*** DATA BLOCK Section Begins ***
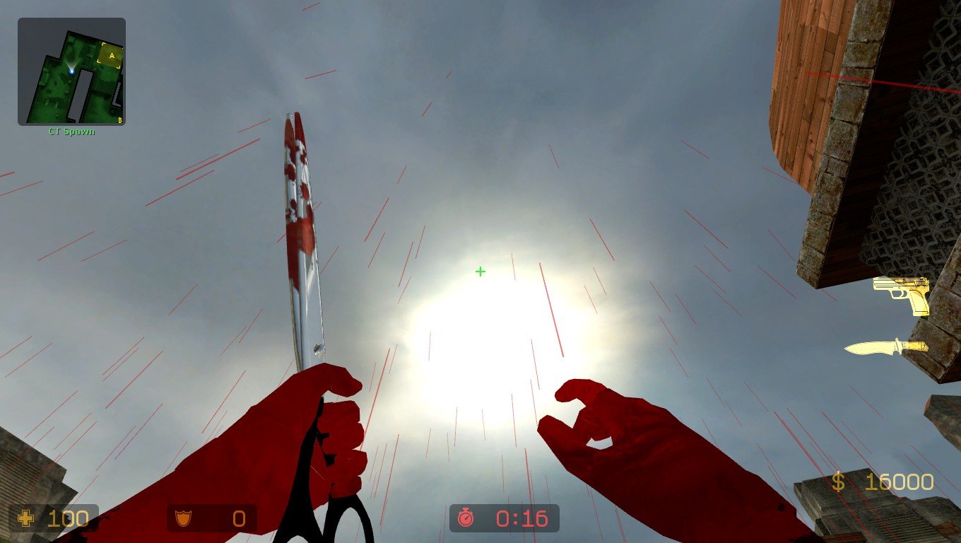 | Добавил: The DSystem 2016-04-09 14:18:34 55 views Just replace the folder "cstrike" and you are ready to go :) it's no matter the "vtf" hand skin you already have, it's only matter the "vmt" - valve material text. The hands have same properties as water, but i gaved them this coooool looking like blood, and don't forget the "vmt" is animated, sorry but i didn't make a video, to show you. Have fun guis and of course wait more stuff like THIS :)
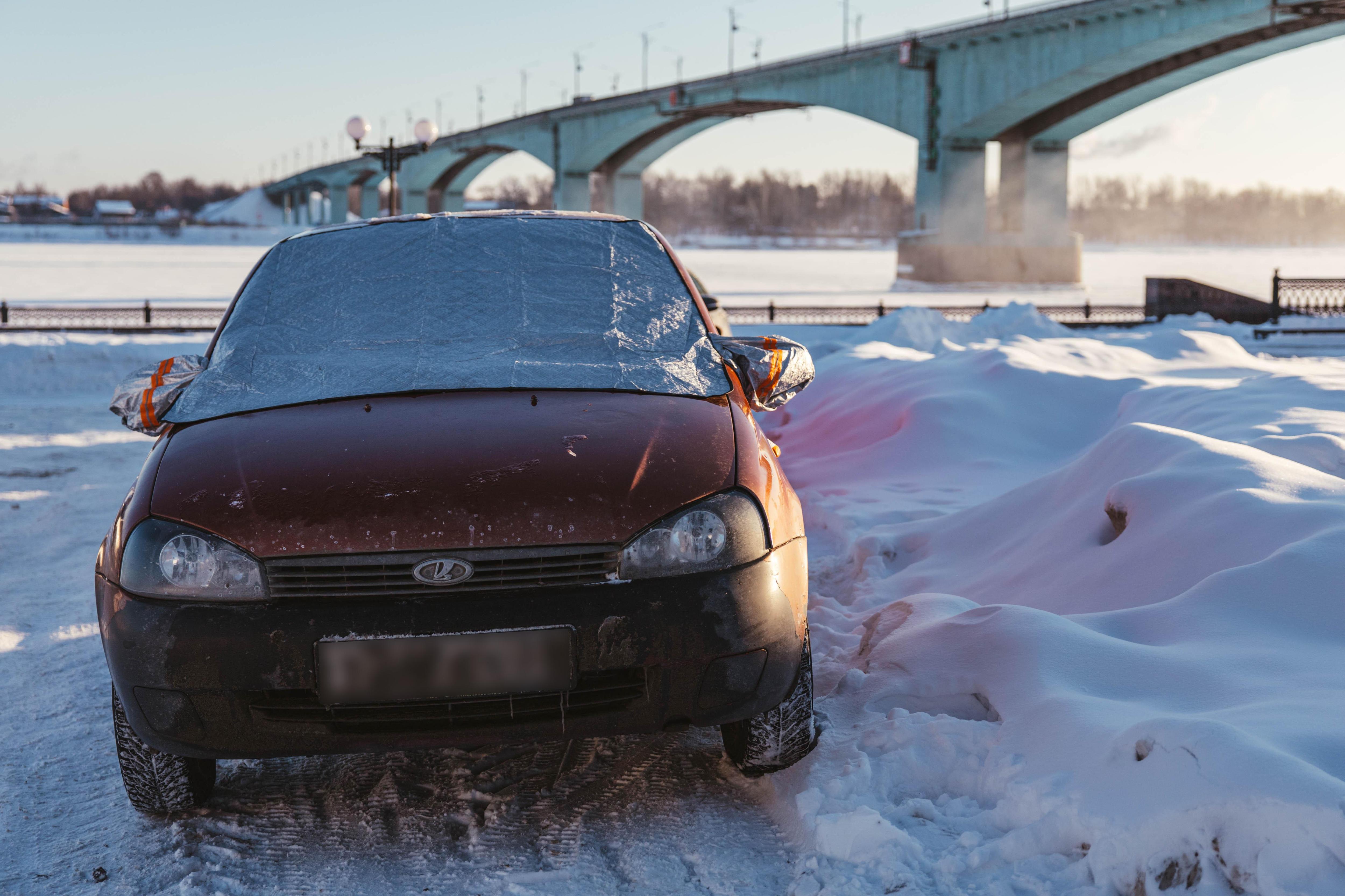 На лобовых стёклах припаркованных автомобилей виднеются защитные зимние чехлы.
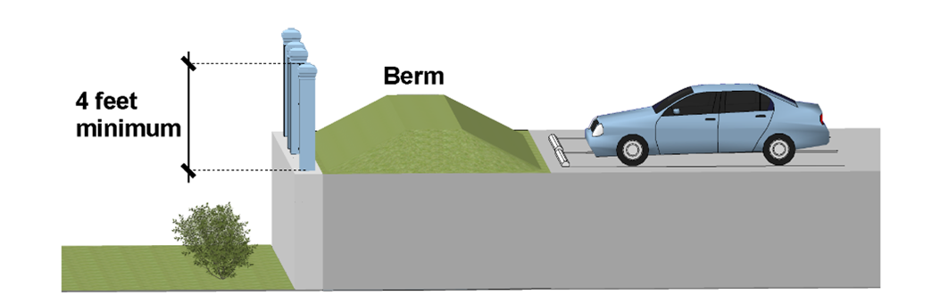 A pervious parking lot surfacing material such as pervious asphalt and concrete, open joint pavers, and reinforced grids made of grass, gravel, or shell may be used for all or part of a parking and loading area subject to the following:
*** DATA BLOCK Section Ends ***
> **YOUR GOAL**: Write out the material above without changing a word, and skip any picture.

> **FINISHED EXERCISE**:
 | Добавил: The DSystem 2016-04-09 14:18:34 55 views Just replace the folder "cstrike" and you are ready to go :) it's no matter the "vtf" hand skin you already have, it's only matter the "vmt" - valve material text. The hands have same properties as water, but i gaved them this coooool looking like blood, and don't forget the "vmt" is animated, sorry but i didn't make a video, to show you. Have fun guis and of course wait more stuff like THIS :)
 На лобовых стёклах припаркованных автомобилей виднеются защитные зимние чехлы.
 A pervious parking lot surfacing material such as pervious asphalt and concrete, open joint pavers, and reinforced grids made of grass, gravel, or shell may be used for all or part of a parking and loading area subject to the following:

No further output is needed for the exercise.